Questions arise over lack of transparency in upmc mold cases

Last week, our blog discussed how recent reports have outlined how two patients who underwent heart transplant procedures at UPMC Presbyterian hospital died last October and this past June after contracting a fungal infection in the cardiothoracic intensive care unit. As shocking as this was, we also discussed how these same reports revealed that a third patient is now being treated for a fungal infection contracted after a recent lung transplant.

As if things couldn’t possibly get any worse, it was announced by officials at UPMC Montefiore hospital last Friday that a patient who had previously undergone a liver transplant there had also died after contracting a fungal infection.

 

UPMC officials have since announced that all transplant patients at these two facilities would be administered antifungal medications in the interim, and that they were working alongside everyone from the Allegheny County Health Department and the Pennsylvania Department of Health to the Centers for Disease Control and Prevention to get things under control. 

While this is encouraging to a certain degree, it nevertheless raises the question as to why both facilities waited so long to share news of these fungal outbreaks among transplant patients with not just the general public, but, more importantly, local, state and federal health officials.

The somewhat surprising answer is that while both state and federal law mandate that hospitals report otherwise communicable diseases like Legionnaire’s to health agencies, no such requirement exists in relation to fungal outbreaks.

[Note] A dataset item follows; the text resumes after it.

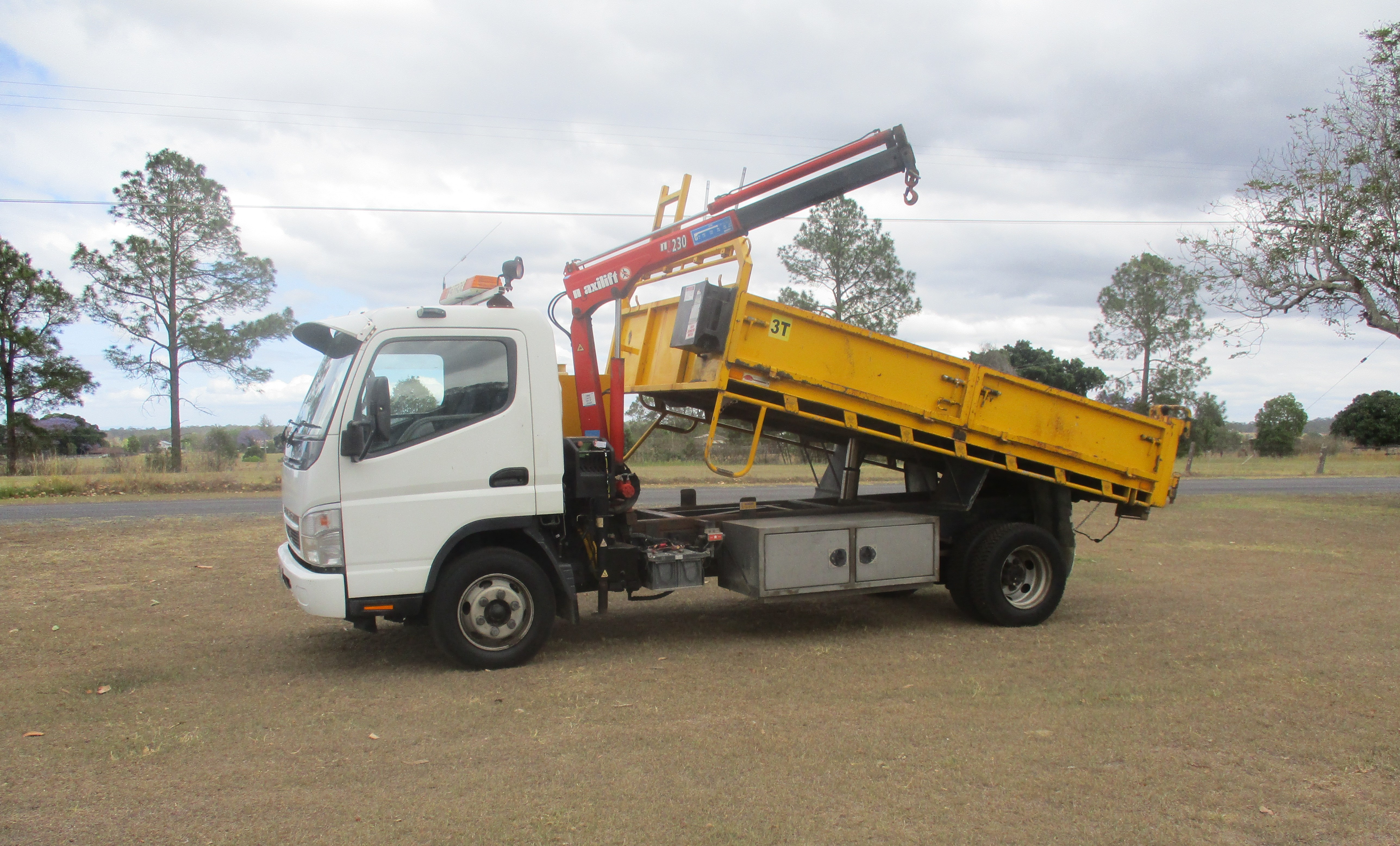 4.9Ltr Turbo Diesel 6 Speed Manual 4500 Tare 8000 GVM 1800kg Maxi-Lift Crane Heavy Duty Tipper Body 208K k's Towbar Electric Trailer Brakes Cold Air-condition 2 Way Radio Mitsubishi Reversing Camera Flashing Beacon Lights Toolbox's Good Tyres 2 Way Tailgate 10/2020 NSW Rego Ready For Work $27000 Grafton NSW

Indeed, it wasn’t until after the third patient fell ill at UPMC Presbyterian that the fungal cases were reported to the aforementioned health agencies, while the public was only informed after news that the facility has temporarily shuttered its ICU was leaked to the press.

This naturally begs the question as to why there is no mandatory reporting requirement in relation to fungal outbreaks.

According to the CDC, the answer can be attributed to the fact that they can be difficult to diagnose and difficult to pinpoint.

“Often you need to collect tissue to determine if they have an infection. Another part of the problem is that we don’t know enough about what the incubation period is for fungus, so we don’t know when they got it in their body,” explained one CDC official.

Even acknowledging this fact, it might arguably be time to revisit this position given the devastating fallout we’ve seen firsthand here in the Pittsburgh area.